FBI Special Agent in Charge William “Chris” Hoffman turns 55 on May 5, which means he has a little more than two years to lead the FBI Cincinnati Field Office before he’ll face mandatory retirement at age 57.
Hoffman, who was appointed in January to the post, inherited a long-standing investigation into public corruption in Dayton area politics and an investigation into the Aug. 4 Oregon District shooting.
Hoffman is tight-lipped about what’s happening with both those investigations and when the next phases may become public, saying only “stay tuned.”
The federal case against Ethan Kollie could be resolved on Feb. 20 when the man accused of helping Connor Betts hide a weapon and body armor he used in the shooting is due back in court for sentencing.
The Cincinnati field office covers the 44 counties in the southern district of Ohio, which includes Dayton and Columbus. The bureau is focused on terrorists, spies, child abusers, violent gangs, bank robbers and corrupt public officials, he said.
Hoffman said he has four cornerstones to live: faith, family, FBI and fraternity. Hoffman, who quotes Mother Teresa and St. Augustine in the course of his introductory speech, said he often begins his day with Catholic mass. He and his wife have two adult sons.

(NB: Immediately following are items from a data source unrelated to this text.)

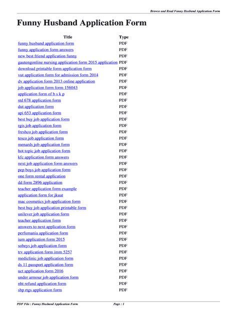 Husband Application Form Funny
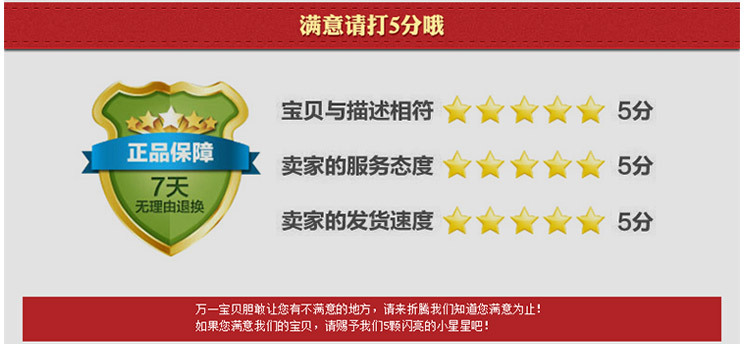 4、評價問題:評價:我非常重視每一位買傢的評價,力求做到服務上的 完美,如果您收到寶貝後覺得有什麼不滿意的地方,請先不要急於評價,迅速聯系店主詳談,一定會給 您一個妥善解決的方法,也請在為您解決問題後給出真誠的評價。
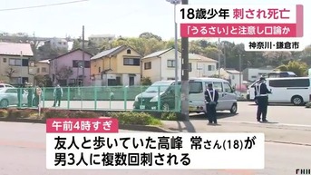 午前4時すぎ、鎌倉市笛田の路上で、友人と歩いていた高峰常さん(18)が、3人組の男らに背中付近を刃物のようなもので複数回刺され、心肺停止の状態で病院に搬送され、その後、死亡した。
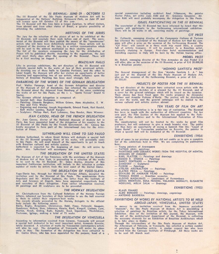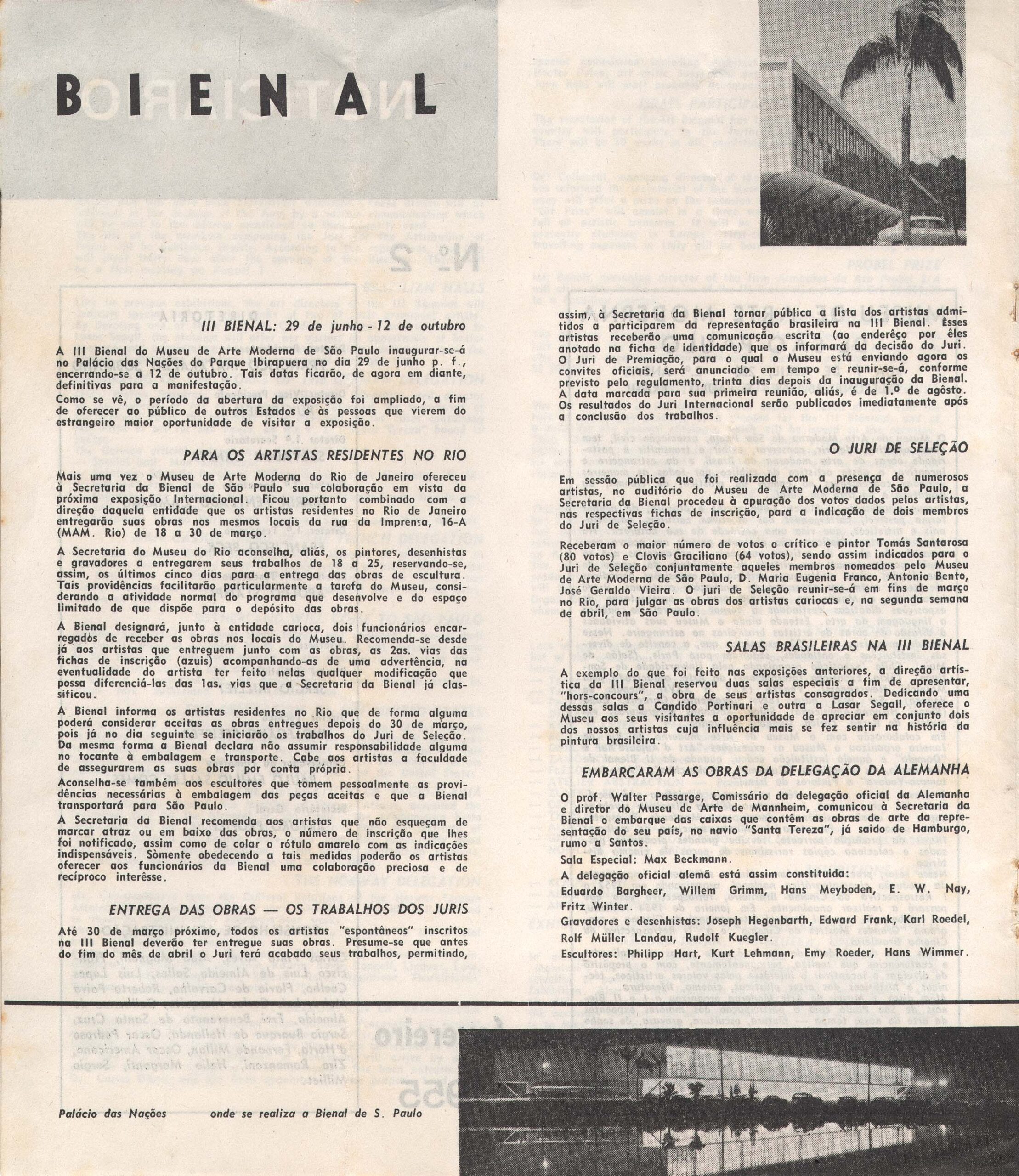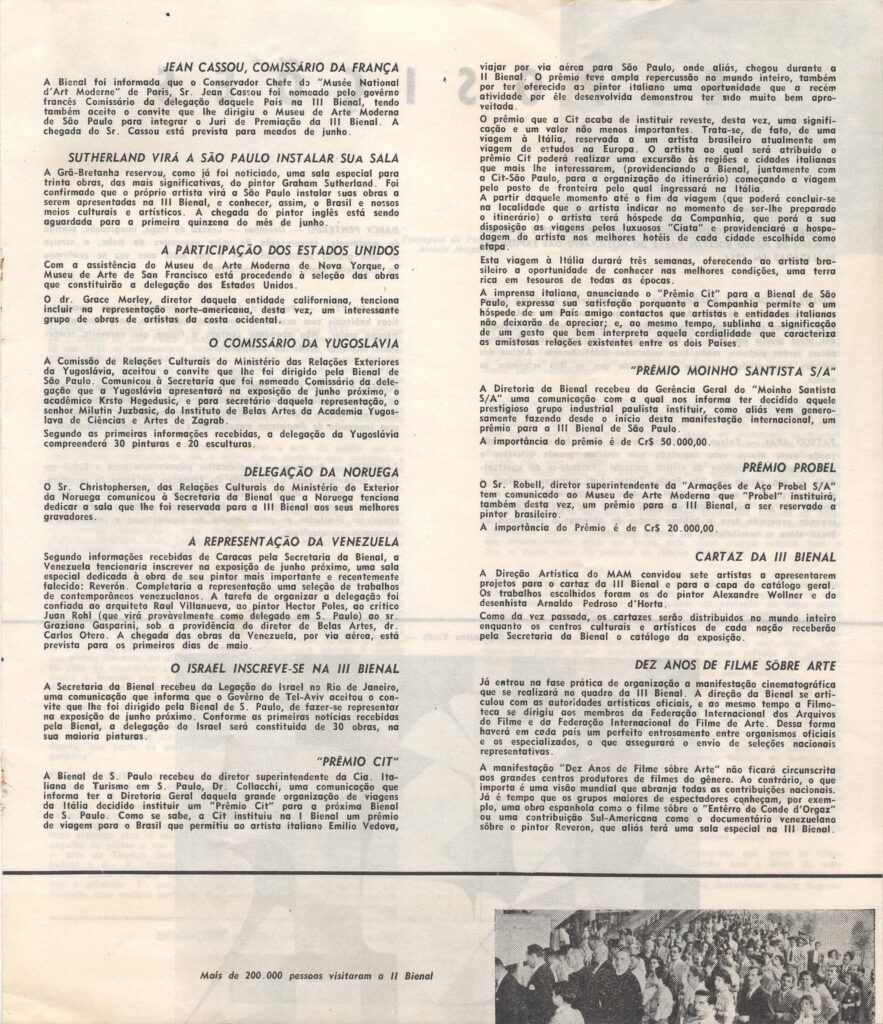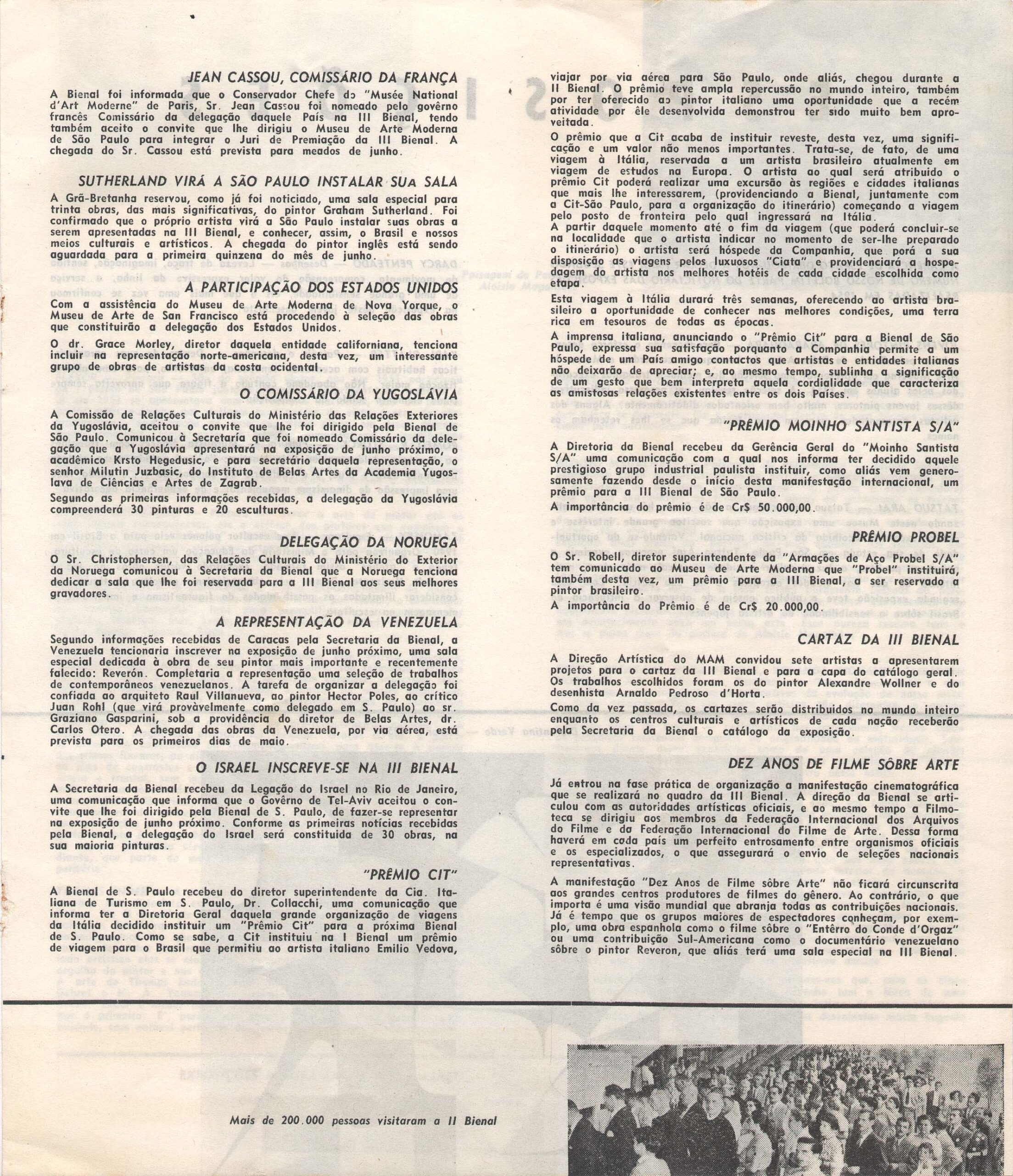 Publicação com notícias da III Bienal do Museu de Arte Moderna de São Paulo e outros eventos culturais do Museu de Arte Moderna de São Paulo
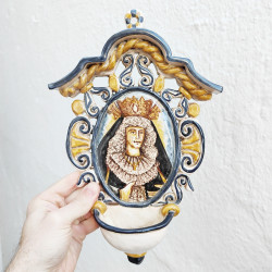 Font-croix "eau bénite" en céramique - "Style baroque" - 32 cm. - Fabriqué à Séville (Espagne) -
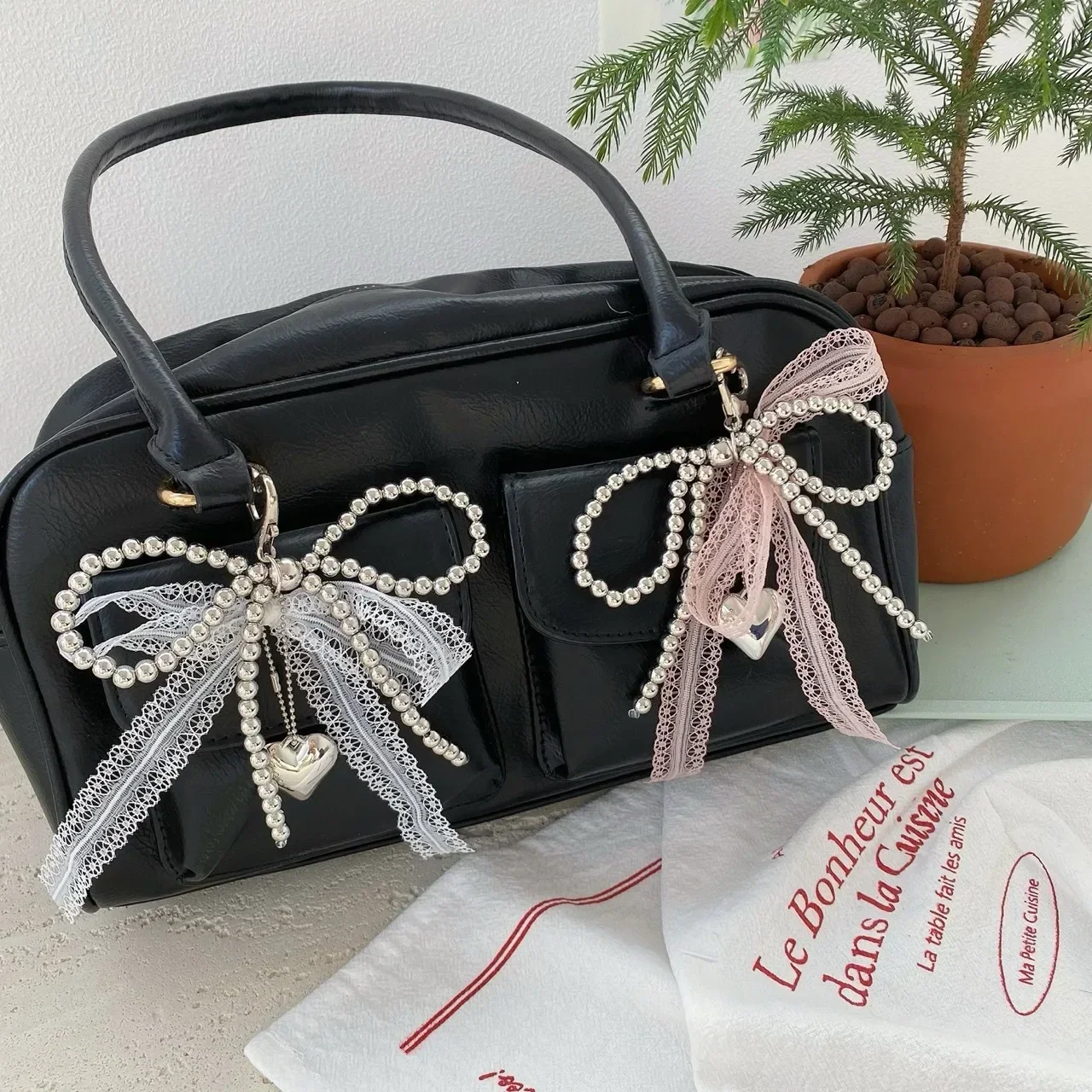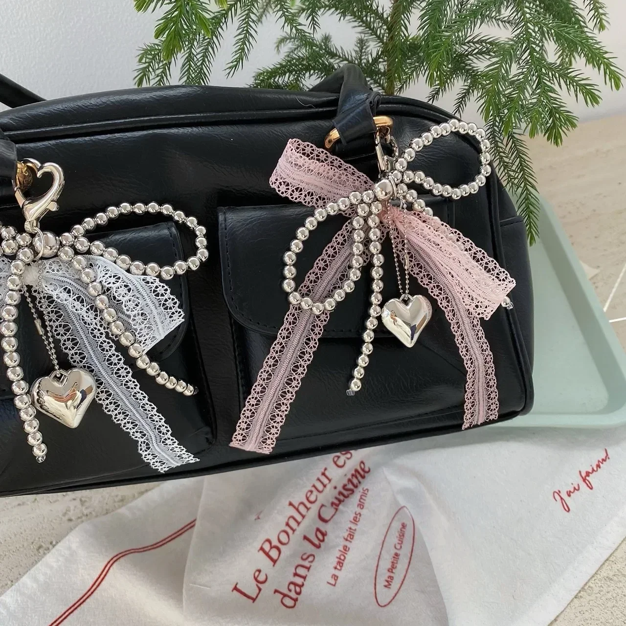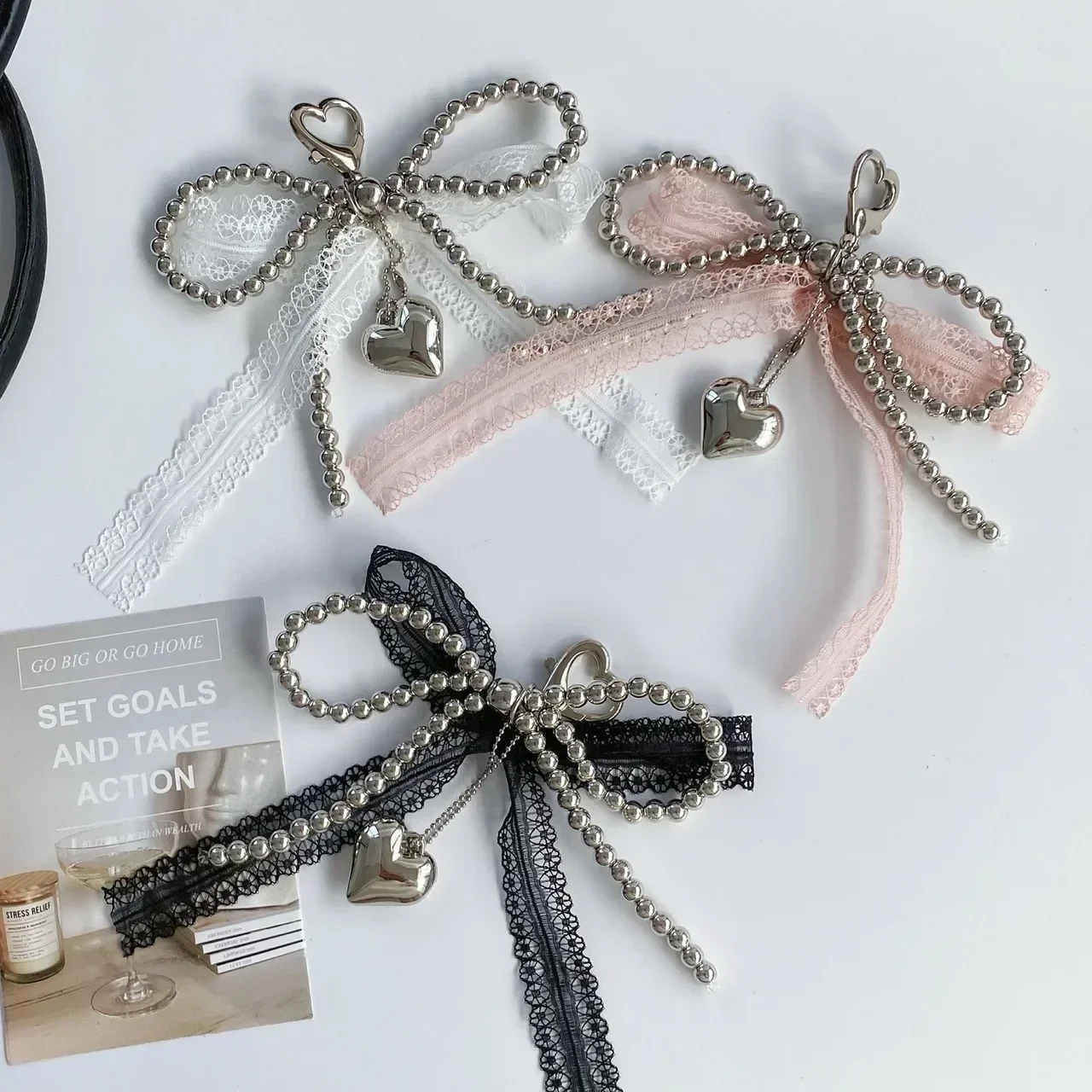 Imitation Pearls Lace Bowknot Keychain Sweet Beaded Pendant Keyring for Women Handbag and Backpack Key Chain Exquisite Ornament
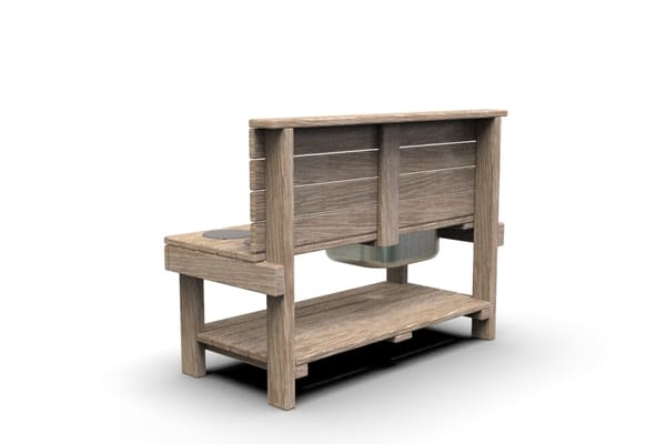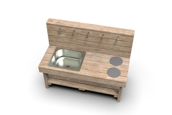 Speelkeuken met haakjes, kookplaat en wasbak.
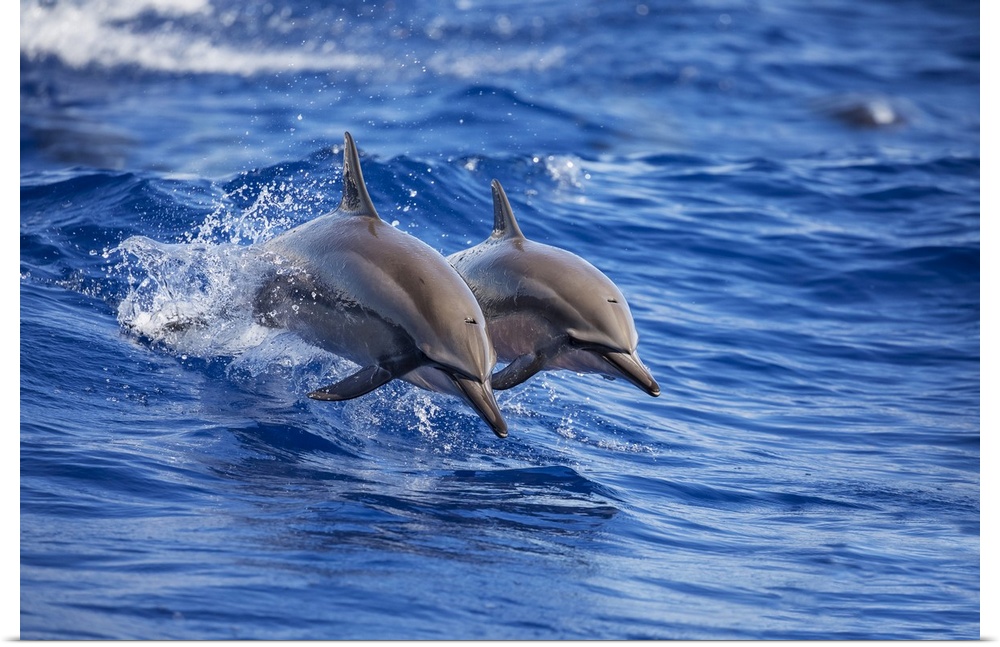 <p>Two Spinner dolphins (Stenella longirostris) off the island of Lanai; Lanai, Hawaii, United States of America</p>

Hoffman’s FBI career began after he enlisted in the Marines and worked a decade as a cop in Greenville, S.C. With an accounting degree from Clemson University, Hoffman joined the FBI in 1998 and began his career at a small office in the Choctaw Nation of the Oklahoma City Field Office where he worked on violent crimes, crimes against children and public corruption cases.
Hoffman also did stints for the FBI in Guam, Birmingham, Alabama, Iraq, Memphis and FBI headquarters. He said prior to the Cincinnati job, he had been to Ohio just once — on a shooting case in Youngstown.
Hoffman replaces Todd Wickerham who left the FBI Cincinnati office for a job with OhioHealth.